Opinion | Cyndi Lauper’s anthem for girls just changed lyrics—now ‘Girls just wanna work’
For young women, work is no longer a matter of ‘choice’. It is an unquestioned way of life
In today’s economy, it is tough to talk about workplaces without mentioning millennials, diversity and inclusion, and gender balance. As millennials—men and women —increasingly join the labour force, it is about time we start talking about how millennial women are shaping and reacting to the modern workplace.
By 2021, India will become the youngest country in the world, with 64% of its population in the working age group of 20-35 years, and about half will be women. And given the positive multiplier effects that financially independent, working women have on their families, other women, and the economy as a whole, India cannot afford to squander its demographic dividend away.

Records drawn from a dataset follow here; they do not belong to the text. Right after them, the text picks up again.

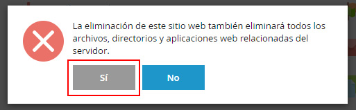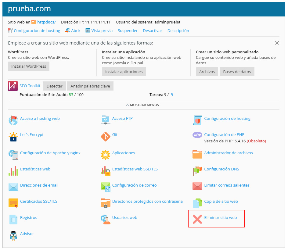 En las herramientas del dominio haz clic en Eliminar sitio web.
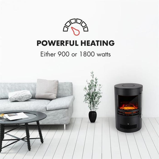 Klarstein Cheminée électrique avec simulation de flammes – 2 puissances de chauffage 900W – 1800W – Thermostat réglable – Noir
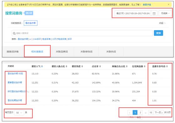 我们打开生意参谋——市场(标准版以上)——搜索词分析——搜索词查询——输入“雪纺连衣裙”,选择最近7天的数据,选择无线端,然后在“相关搜索词”这个功能模块,生意参谋的市场行情一共会给你推荐500个词,全部都是围绕这“雪纺连衣裙”的。
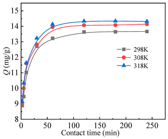 The adsorption kinetics and the effect of temperature on Cr3+ uptake are shown in Figure 4. The resin exhibited rapid adsorption, reaching 90% of its maximum capacity within 30 min. Subsequently, the adsorption rate gradually decreased, approaching equilibrium at 180 min with a capacity of 14.5 mg·g−1 at 318 K. Increasing the temperature from 298 K to 318 K not only raised the equilibrium adsorption capacity from 13.5 mg·g−1 to 14.5 mg·g−1 but also significantly accelerated the adsorption kinetics.

While women’s rights and their participation in the labour force are advancing around the world, the global tide of female empowerment seems to have missed India. Whether it’s figures around women’s participation in the workforce, their presence in senior management roles, or the ubiquitous gender wage gap, there is irrefutable evidence that suggests India is not even half-way on the long road to gender equality.
Don’t take our word for it. According to the World Bank’s Female Labour Force Participation report, India ranks 121 out of 131 countries. Nepal is 53 points ahead of India on this score. Close to 19.6 million Indian women quit their jobs between 2005 and 2012, said the report.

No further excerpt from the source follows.